My Lords, I would like to be associated with the remarks from my noble friend Lady Cox concerning the potential gaps that people could fall through and her remarks and questions about the national referral mechanism and legal representation for those who are caught up in trafficking.
I particularly support Amendment 86J, moved by the noble Baroness, Lady Hamwee, and Amendment 86M, tabled by the noble Lord, Lord McColl. There is a link between these amendments because the noble Baroness quite rightly identifies those who may have been psychologically traumatised by their experiences. She rightly said that people could be extremely vulnerable and very badly damaged. Any of us who have met people who have been trafficked know that that must be true. If people have been concealed in a vehicle, smuggled into the country and exploited in the ways that have been described in speech after speech in Committee, these grotesque experiences will have maimed them psychologically. Hence it is important that there should be some psychological assessment and support for people who may be suffering from acute trauma and mental illness of one kind or another—something that is always neglected anyway in the National Health Service for our own citizens, let alone for people who have come through these kinds of experiences.
The noble Baroness, Lady Hamwee, is right to say that people should be assessed psychologically during the investigation of the offence.
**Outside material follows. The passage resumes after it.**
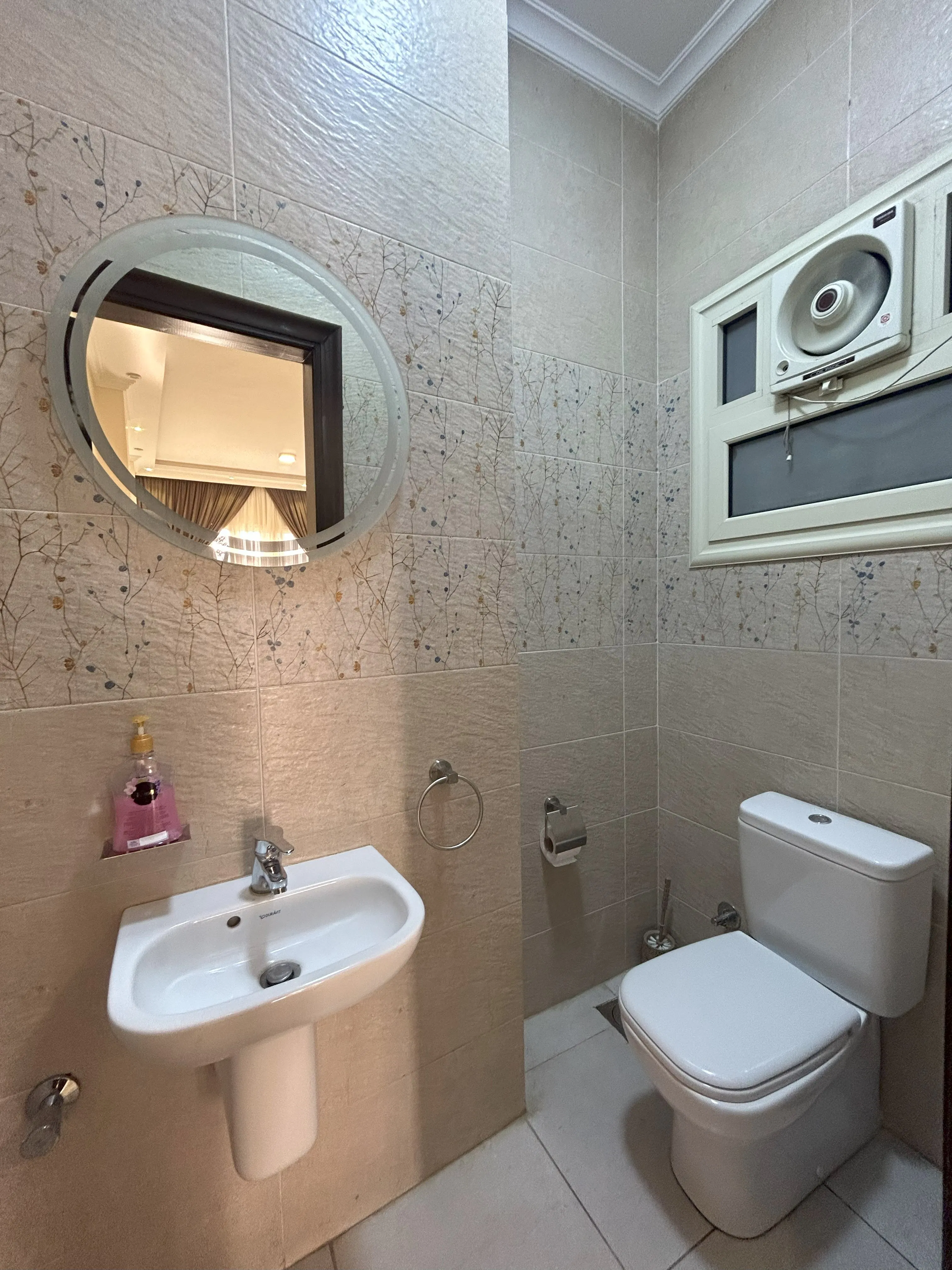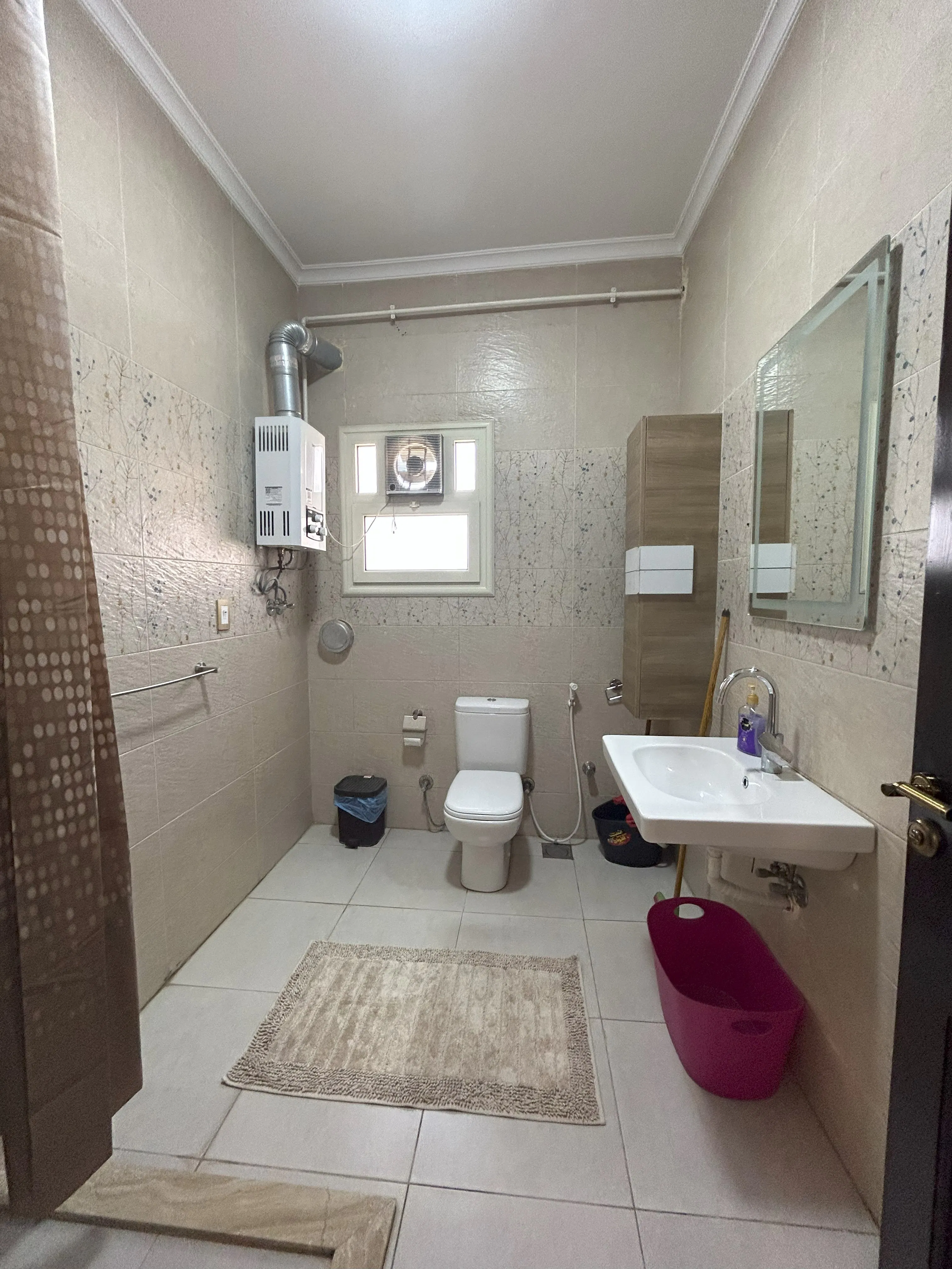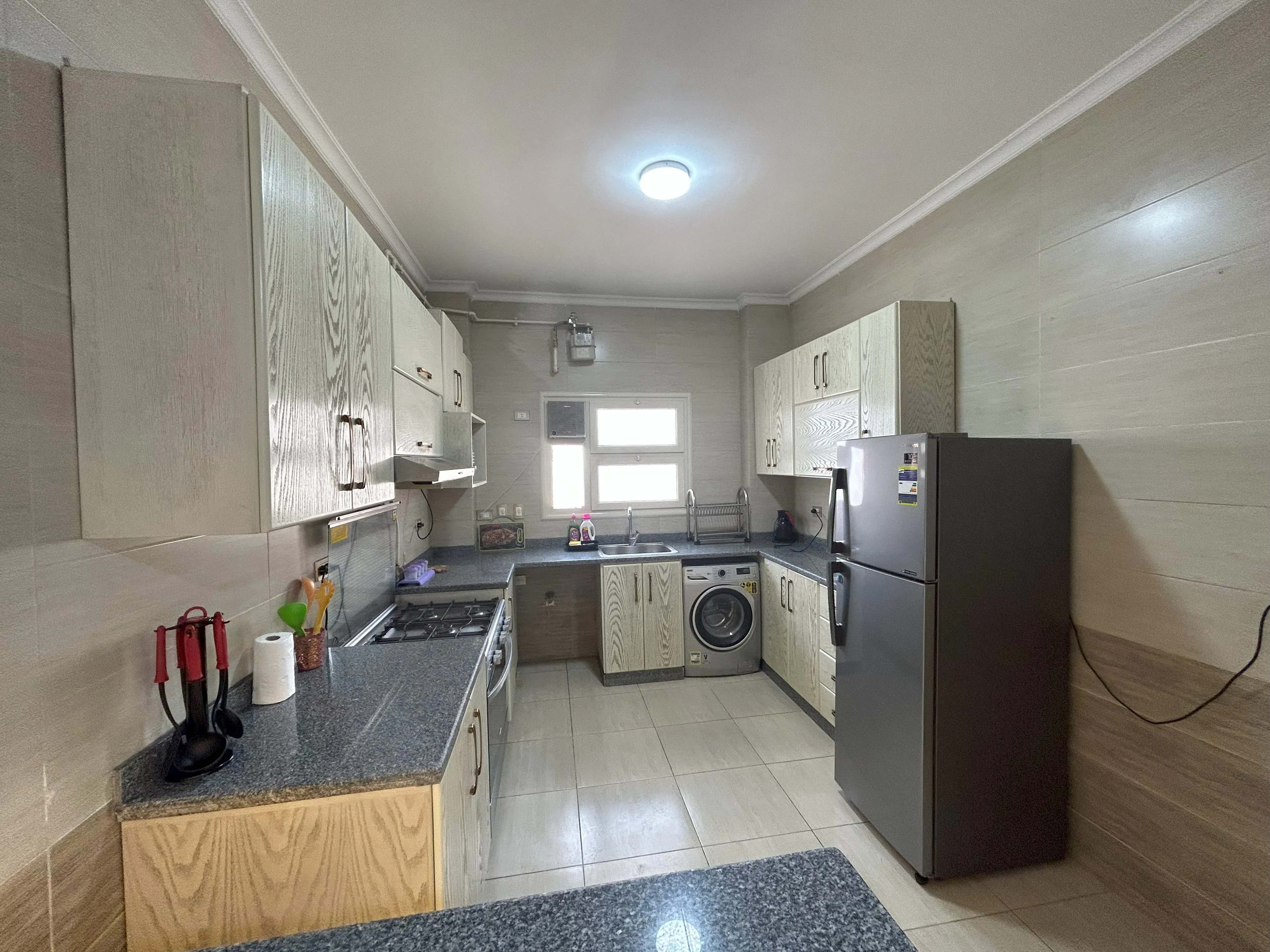 This retreat offers everything needed for a comfortable stay, thoughtfully arranged to accommodate both families and business travelers. Guests can unwind on the outdoor balcony or indoors in a spacious U-shaped living area that’s perfect for evening gatherings. The chef-grade kitchen is ideal for preparing gourmet meals. With five advanced air conditioning units and high-speed internet throughout, it’s perfectly suited for remote work. The apartment contains two bathrooms: one full bathroom and an additional half bathroom. On-site laundry and ironing facilities are also available for added convenience.

That theme is picked up in Amendment 86M, in subsection (6)(c) of the proposed new clause, where the noble Lord, Lord McColl, would make provision,
“to assist victims in their physical, psychological and social recovery”—
a point returned to in proposed new subsection (10)(c) with,
“medical treatment, including psychological assistance”.
This is a recurring theme in these two amendments and I am surprised that provision is not being mandated anyway by the Bill and wonder whether it is not possible to do what the noble Baroness and the noble Lord have argued for. What do the Government intend to do to safeguard people who may be suffering from mental illness and who may have been traumatised through their experiences?